Les députés néo-démocrates Hélène LeBlanc et Tyrone Benskin ont sévèrement critiqué les modifications apportées au programme d’assurance emploi par le gouvernement.

La ministre des Ressources humaines, Diane Finley, a présenté les détails de la réforme annoncée dans le budget déposé en mars dernier par le gouvernement de Stephen Harper.

Les modifications font notamment en sorte que certains chômeurs, s’ils veulent demeurer admissibles aux prestations, devront accepter n’importe quel emploi à moins d’une heure de route de leur domicile. Par exemple, selon les nouvelles règles un prestataire «fréquent», c’est-à-dire une personne qui a touché au moins 60 semaines de prestations au cours des cinq dernières années, devra accepter «tout travail» pour lequel il est qualifié, à 70% de la rémunération précédente, après six semaines de prestations. Le Conseil national des chômeurs y voit particulièrement une attaque à l’endroit des travailleurs saisonniers, qui comptent pour 27,3% des demandes d’assurance emploi au pays.
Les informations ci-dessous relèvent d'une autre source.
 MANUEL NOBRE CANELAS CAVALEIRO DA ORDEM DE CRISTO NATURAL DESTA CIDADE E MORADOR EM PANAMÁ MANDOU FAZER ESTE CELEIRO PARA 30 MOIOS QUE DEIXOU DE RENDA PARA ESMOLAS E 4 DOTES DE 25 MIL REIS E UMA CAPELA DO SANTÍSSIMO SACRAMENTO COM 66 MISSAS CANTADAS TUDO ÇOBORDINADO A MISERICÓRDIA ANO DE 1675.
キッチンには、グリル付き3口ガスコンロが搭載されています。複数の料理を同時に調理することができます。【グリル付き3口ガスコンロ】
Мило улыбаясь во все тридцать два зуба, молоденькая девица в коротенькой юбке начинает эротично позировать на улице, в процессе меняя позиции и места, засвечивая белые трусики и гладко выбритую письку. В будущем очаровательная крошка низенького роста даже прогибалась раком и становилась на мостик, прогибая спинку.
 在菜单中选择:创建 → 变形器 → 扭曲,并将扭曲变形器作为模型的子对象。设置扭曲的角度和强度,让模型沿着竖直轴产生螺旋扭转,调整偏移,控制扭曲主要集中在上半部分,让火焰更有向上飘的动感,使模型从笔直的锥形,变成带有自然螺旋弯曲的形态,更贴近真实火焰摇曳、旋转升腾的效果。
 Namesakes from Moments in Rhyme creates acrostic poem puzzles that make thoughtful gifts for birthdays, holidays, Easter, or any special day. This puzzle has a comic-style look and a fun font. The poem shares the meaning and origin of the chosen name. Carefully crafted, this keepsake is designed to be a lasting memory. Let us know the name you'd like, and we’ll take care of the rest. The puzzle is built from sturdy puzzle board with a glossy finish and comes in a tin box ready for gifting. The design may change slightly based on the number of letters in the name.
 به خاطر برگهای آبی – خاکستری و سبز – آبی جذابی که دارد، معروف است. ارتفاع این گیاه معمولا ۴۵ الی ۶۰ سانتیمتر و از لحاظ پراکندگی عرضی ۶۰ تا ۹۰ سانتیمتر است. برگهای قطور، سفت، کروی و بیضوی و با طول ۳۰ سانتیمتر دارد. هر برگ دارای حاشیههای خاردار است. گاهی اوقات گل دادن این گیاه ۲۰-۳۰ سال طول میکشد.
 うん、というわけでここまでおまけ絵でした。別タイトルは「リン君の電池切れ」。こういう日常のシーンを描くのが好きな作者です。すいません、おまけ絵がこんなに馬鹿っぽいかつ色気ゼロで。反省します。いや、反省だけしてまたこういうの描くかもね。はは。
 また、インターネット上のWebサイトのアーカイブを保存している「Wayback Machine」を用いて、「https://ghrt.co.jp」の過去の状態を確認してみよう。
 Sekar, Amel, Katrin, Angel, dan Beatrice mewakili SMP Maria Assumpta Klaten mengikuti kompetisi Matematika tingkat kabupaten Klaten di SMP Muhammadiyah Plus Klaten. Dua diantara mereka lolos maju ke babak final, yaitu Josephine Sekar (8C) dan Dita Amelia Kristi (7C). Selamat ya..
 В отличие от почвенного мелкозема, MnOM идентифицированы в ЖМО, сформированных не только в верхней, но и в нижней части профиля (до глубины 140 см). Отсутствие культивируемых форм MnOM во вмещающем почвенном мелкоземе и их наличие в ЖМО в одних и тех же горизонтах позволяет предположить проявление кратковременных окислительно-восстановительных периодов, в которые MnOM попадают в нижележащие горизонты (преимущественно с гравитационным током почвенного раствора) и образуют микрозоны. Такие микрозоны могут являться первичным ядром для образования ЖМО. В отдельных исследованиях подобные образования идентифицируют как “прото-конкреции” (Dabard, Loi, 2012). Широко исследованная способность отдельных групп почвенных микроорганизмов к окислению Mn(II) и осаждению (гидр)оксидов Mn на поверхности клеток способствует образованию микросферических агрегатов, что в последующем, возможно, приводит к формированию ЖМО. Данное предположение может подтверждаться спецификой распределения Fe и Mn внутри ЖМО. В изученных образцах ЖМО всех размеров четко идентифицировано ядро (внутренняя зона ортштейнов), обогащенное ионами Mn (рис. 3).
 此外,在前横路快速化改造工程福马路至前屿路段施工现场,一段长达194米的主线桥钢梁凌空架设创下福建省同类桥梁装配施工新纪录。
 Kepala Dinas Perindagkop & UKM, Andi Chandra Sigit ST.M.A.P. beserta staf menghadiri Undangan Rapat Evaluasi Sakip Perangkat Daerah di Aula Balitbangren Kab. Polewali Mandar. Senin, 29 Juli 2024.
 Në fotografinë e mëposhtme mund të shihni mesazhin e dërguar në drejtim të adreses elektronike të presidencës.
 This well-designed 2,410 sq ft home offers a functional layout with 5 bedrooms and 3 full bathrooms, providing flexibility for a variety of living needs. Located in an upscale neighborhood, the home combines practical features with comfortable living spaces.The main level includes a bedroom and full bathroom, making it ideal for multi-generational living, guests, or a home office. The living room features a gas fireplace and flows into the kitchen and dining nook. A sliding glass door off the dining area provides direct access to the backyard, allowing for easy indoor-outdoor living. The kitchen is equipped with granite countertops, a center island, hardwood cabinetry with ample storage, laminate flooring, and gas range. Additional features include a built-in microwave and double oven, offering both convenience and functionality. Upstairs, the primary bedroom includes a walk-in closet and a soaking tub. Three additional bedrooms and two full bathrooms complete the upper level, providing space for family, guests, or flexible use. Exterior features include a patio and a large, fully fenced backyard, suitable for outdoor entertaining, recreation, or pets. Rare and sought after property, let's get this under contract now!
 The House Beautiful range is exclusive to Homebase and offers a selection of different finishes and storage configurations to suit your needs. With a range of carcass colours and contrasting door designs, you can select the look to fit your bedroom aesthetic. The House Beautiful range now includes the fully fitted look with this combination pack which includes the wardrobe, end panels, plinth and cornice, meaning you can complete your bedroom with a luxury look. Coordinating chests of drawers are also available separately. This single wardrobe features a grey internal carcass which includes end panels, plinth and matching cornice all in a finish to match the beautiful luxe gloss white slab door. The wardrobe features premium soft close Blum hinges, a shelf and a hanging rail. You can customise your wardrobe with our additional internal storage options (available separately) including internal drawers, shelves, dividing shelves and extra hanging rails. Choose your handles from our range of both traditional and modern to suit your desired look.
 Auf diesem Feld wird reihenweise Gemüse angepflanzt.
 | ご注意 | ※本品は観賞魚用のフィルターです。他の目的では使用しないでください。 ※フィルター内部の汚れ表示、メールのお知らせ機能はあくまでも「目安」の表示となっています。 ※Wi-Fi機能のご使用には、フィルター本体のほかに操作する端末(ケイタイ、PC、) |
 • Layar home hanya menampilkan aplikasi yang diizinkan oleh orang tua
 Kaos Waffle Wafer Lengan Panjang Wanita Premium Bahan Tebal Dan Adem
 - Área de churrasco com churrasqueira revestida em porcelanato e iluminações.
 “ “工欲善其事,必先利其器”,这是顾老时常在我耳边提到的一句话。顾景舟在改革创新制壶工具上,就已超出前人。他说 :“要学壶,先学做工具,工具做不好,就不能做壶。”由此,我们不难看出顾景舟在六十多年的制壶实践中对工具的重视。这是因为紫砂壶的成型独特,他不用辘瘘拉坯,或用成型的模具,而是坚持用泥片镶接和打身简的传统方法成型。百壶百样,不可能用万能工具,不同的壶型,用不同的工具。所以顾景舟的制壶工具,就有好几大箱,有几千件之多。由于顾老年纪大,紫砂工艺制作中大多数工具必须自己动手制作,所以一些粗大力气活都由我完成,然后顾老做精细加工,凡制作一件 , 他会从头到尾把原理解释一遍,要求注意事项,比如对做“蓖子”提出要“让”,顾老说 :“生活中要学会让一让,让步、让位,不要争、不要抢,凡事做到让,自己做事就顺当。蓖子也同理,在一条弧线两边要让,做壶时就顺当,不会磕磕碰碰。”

Pour le député de Jeanne-Le Ber, Tyrone Benskin, les modifications signifient que «moins de Canadiens seront admissibles à l’assurance emploi, que plusieurs prestataires seront forcés d’accepter des emplois à des salaires moins élevés et que d’autres seront redirigés vers les programmes sociaux provinciaux».

«De moins en moins de Canadiens ont accès à l’assurance emploi dans les moments où ils en ont le plus besoin, s’est indigné le député. Dans le contexte économique actuel, le gouvernement met de plus en plus de travailleurs et travailleuses à pied. En modifiant ainsi les règles de l’assurance emploi, le gouvernement vise à créer un bassin de main d’œuvre pas cher lui assurant de combler la pénurie dans certains secteurs.»

«À long terme, ça cause un nivellement par le bas», a pour sa part commenté la députée de LaSalle-Émard, Hélène LeBlanc, rappelant que «ce sont les travailleurs qui contribuent à ce fonds et les employeurs». La députée estime que le gouvernement fait fausse route et qu’il devrait plutôt orienter ses initiatives en matière d’emploi en ayant à l’esprit les notions de croissance et de prospérité. «Nous voulons des emplois bien rémunérés qui offrent des conditions intéressantes», a déclaré Mme LeBlanc. (A.D.)